--- Data to use Enclosed Below ---

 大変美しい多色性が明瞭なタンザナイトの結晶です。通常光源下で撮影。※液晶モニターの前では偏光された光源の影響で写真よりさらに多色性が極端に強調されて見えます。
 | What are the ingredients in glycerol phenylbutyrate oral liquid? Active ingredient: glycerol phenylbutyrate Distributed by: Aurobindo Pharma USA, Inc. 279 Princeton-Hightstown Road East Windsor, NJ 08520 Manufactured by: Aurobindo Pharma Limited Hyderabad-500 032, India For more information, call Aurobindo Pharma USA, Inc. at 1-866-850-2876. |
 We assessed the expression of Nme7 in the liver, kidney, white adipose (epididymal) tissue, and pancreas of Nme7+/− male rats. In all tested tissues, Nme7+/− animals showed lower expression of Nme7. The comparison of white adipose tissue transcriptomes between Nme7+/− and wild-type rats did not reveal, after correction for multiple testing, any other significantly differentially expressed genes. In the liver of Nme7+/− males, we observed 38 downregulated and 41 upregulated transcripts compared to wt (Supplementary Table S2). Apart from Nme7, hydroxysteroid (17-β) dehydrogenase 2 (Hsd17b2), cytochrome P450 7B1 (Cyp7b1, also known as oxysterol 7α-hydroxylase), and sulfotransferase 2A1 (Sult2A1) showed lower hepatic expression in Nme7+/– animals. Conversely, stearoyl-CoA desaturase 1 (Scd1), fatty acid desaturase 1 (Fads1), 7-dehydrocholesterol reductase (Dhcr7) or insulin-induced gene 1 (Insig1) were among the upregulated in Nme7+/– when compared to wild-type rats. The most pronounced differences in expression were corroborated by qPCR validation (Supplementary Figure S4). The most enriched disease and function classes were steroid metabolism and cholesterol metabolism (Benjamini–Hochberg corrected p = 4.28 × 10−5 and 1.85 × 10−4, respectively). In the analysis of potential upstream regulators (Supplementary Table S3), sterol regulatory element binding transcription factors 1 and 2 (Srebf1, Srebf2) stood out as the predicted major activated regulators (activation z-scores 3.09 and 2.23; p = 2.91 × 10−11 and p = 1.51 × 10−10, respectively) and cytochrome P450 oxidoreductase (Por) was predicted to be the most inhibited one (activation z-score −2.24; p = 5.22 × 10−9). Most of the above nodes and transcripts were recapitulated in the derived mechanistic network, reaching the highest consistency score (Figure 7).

--- End of Enclosed Data to use ---
--- Data to use Enclosed Below ---

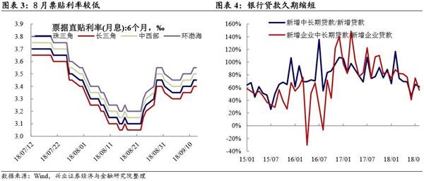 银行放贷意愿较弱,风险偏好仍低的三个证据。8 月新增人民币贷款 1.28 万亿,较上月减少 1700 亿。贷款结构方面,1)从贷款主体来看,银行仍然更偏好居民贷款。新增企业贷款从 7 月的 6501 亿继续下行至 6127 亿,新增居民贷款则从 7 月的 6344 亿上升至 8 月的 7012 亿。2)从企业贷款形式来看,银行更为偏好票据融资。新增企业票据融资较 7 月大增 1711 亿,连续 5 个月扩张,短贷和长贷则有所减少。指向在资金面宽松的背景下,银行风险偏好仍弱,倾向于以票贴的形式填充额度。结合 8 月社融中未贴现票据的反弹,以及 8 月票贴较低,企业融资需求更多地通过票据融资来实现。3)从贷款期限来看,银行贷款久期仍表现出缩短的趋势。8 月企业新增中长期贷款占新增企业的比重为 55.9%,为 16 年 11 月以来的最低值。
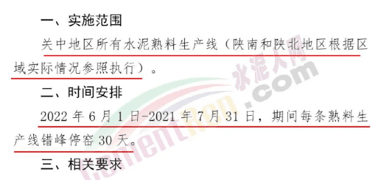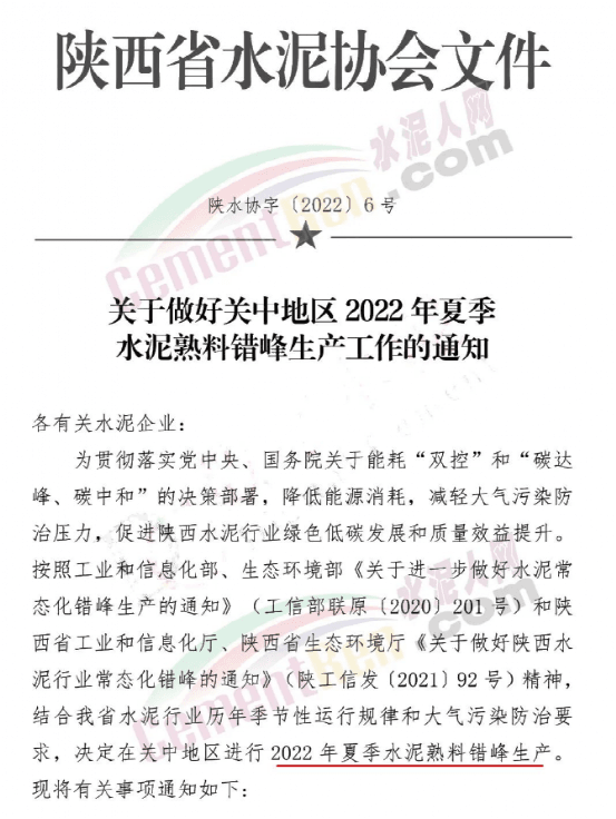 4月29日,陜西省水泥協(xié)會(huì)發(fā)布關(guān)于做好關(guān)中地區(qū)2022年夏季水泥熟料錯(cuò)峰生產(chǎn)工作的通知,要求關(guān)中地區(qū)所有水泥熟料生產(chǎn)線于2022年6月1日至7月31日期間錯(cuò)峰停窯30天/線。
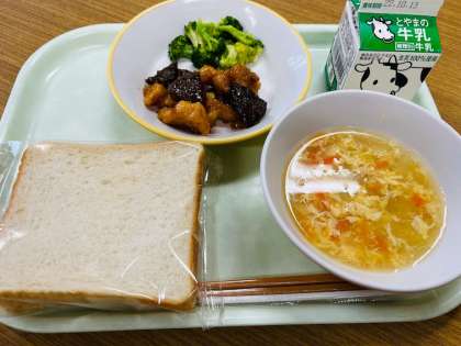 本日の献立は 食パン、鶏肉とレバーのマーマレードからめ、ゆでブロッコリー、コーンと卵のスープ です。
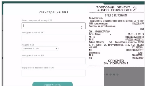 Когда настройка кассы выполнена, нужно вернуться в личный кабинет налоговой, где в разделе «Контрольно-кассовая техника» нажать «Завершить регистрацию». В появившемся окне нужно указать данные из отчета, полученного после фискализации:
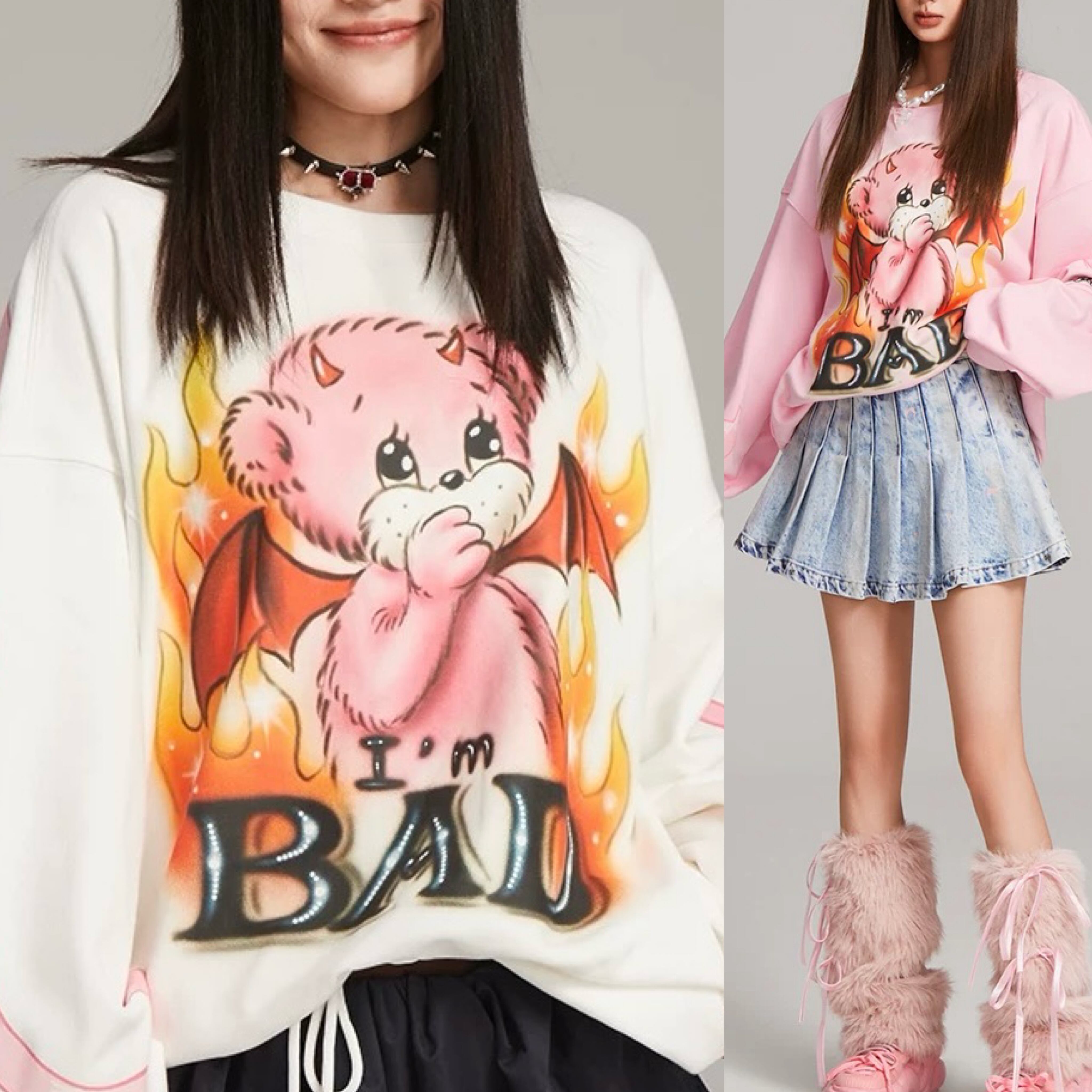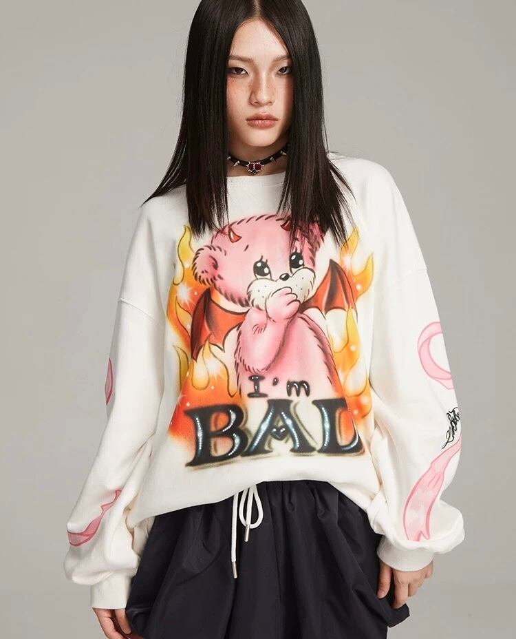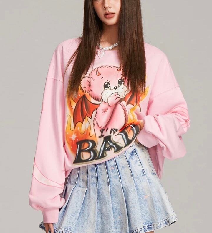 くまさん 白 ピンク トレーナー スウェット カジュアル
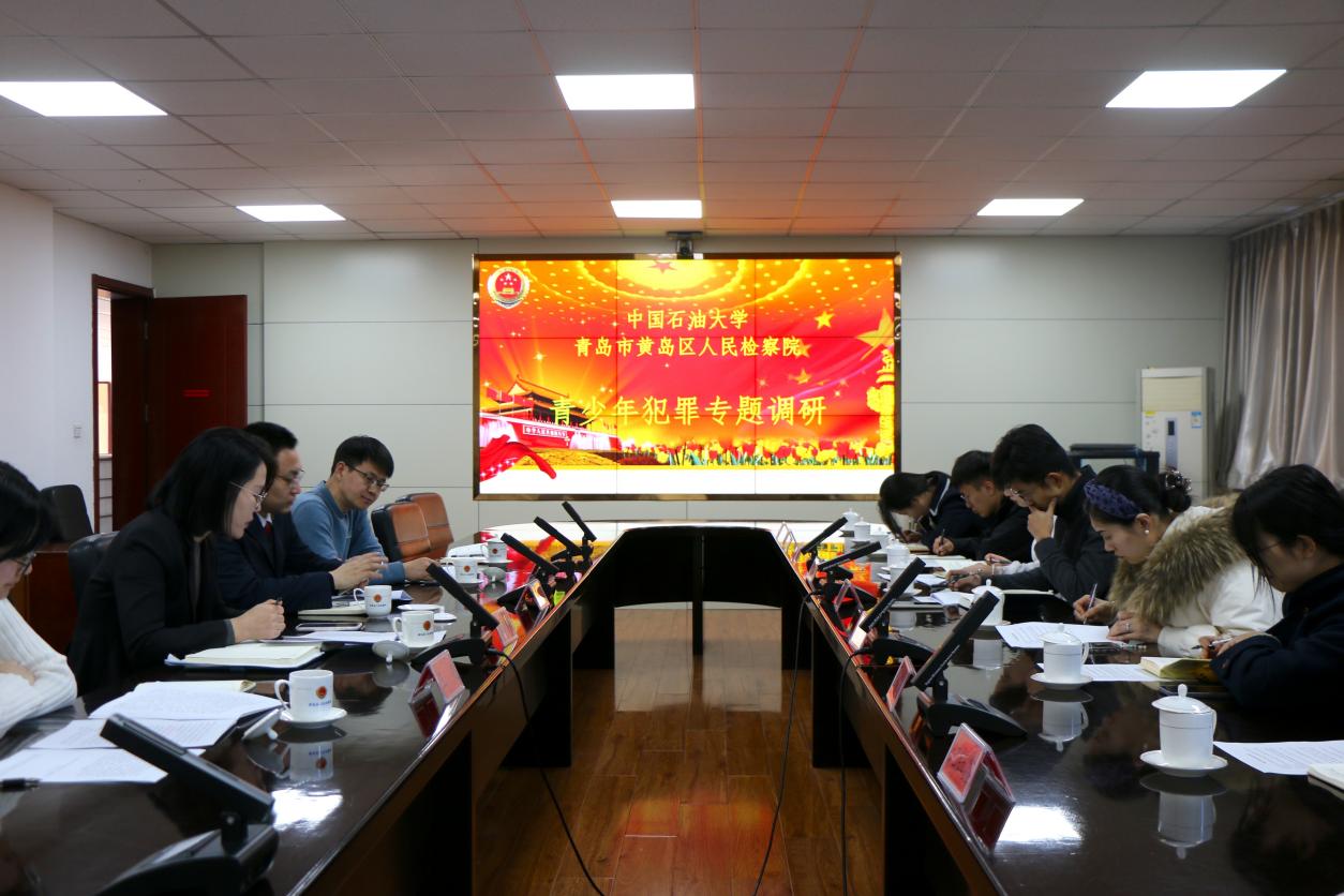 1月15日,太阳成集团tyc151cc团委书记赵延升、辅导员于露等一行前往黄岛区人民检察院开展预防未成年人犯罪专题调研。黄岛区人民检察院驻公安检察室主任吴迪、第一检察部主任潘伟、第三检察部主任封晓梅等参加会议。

--- End of Enclosed Data to use ---
--- Data to use Enclosed Below ---

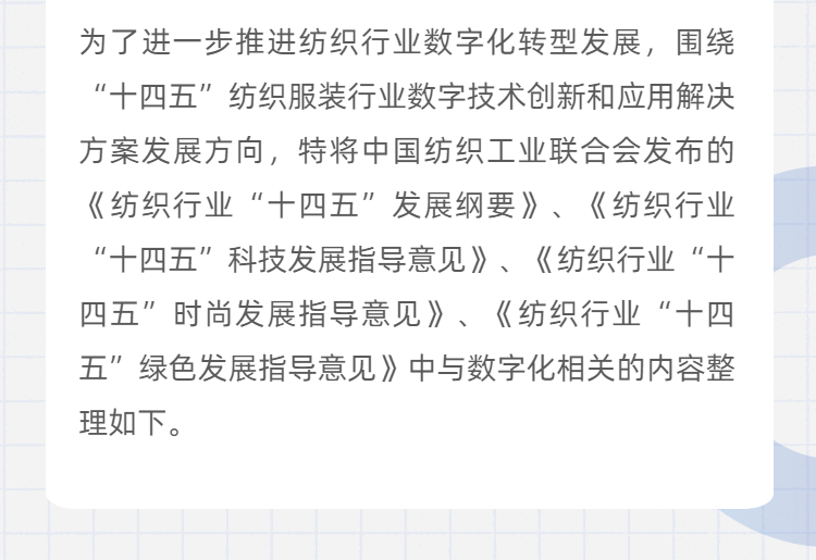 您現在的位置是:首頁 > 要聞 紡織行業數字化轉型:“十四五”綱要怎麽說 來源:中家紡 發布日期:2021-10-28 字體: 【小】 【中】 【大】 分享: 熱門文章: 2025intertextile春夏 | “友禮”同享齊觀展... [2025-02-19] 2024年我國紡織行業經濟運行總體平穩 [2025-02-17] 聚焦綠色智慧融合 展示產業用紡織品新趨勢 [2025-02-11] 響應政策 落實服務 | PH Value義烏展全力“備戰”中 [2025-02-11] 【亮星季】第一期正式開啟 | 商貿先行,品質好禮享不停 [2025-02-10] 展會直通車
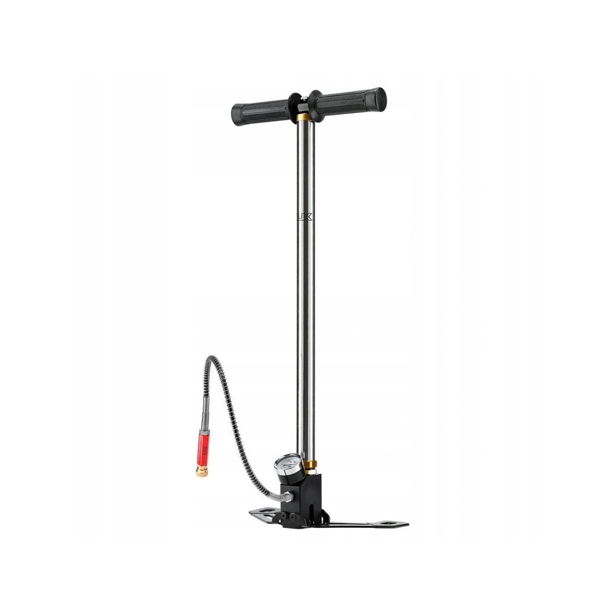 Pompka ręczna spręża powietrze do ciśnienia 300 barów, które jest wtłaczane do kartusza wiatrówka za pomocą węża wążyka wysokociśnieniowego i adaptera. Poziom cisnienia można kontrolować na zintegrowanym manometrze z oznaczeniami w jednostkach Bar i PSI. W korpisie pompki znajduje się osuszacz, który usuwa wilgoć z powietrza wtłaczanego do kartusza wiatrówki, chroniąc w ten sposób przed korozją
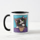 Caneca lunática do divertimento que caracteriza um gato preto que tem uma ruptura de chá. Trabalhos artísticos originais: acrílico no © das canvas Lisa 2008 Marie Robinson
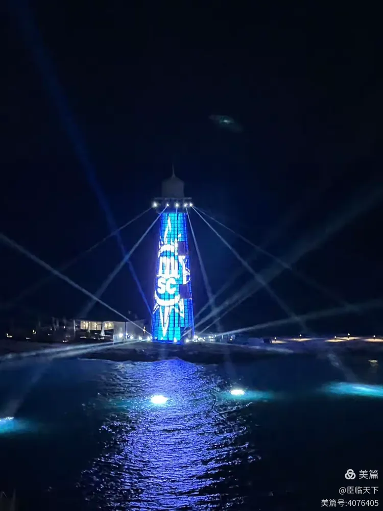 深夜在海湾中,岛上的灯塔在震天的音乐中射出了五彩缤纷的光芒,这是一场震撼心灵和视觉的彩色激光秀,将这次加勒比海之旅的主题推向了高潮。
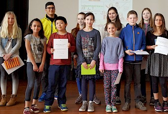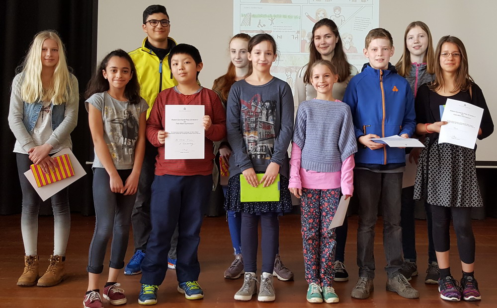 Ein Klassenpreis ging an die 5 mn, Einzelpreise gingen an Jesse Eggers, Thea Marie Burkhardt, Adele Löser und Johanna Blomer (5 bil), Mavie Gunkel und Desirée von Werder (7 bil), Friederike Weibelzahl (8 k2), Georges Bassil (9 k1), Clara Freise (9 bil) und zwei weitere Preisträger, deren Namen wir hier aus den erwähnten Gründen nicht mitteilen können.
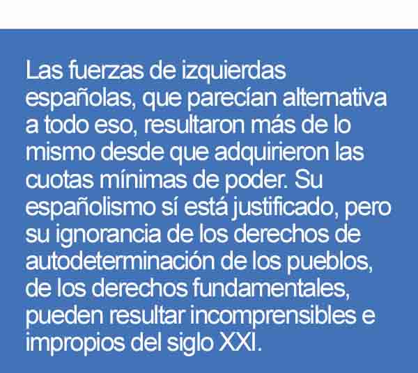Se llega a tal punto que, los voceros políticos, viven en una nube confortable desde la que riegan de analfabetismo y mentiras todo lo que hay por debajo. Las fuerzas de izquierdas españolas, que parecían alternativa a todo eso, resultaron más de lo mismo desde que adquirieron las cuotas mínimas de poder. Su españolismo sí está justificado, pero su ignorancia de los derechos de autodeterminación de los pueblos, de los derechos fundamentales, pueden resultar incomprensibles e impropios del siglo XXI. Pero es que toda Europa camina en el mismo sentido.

--- End of Enclosed Data to use ---

** Task directions **
What are the lines, exactly as written above, from the line with "大変美しい多色性が明瞭なタン" to the line with "at 1-866-850-2876. |", both included? Output only those.

** Problem solution **
 大変美しい多色性が明瞭なタンザナイトの結晶です。通常光源下で撮影。※液晶モニターの前では偏光された光源の影響で写真よりさらに多色性が極端に強調されて見えます。
 | What are the ingredients in glycerol phenylbutyrate oral liquid? Active ingredient: glycerol phenylbutyrate Distributed by: Aurobindo Pharma USA, Inc. 279 Princeton-Hightstown Road East Windsor, NJ 08520 Manufactured by: Aurobindo Pharma Limited Hyderabad-500 032, India For more information, call Aurobindo Pharma USA, Inc. at 1-866-850-2876. |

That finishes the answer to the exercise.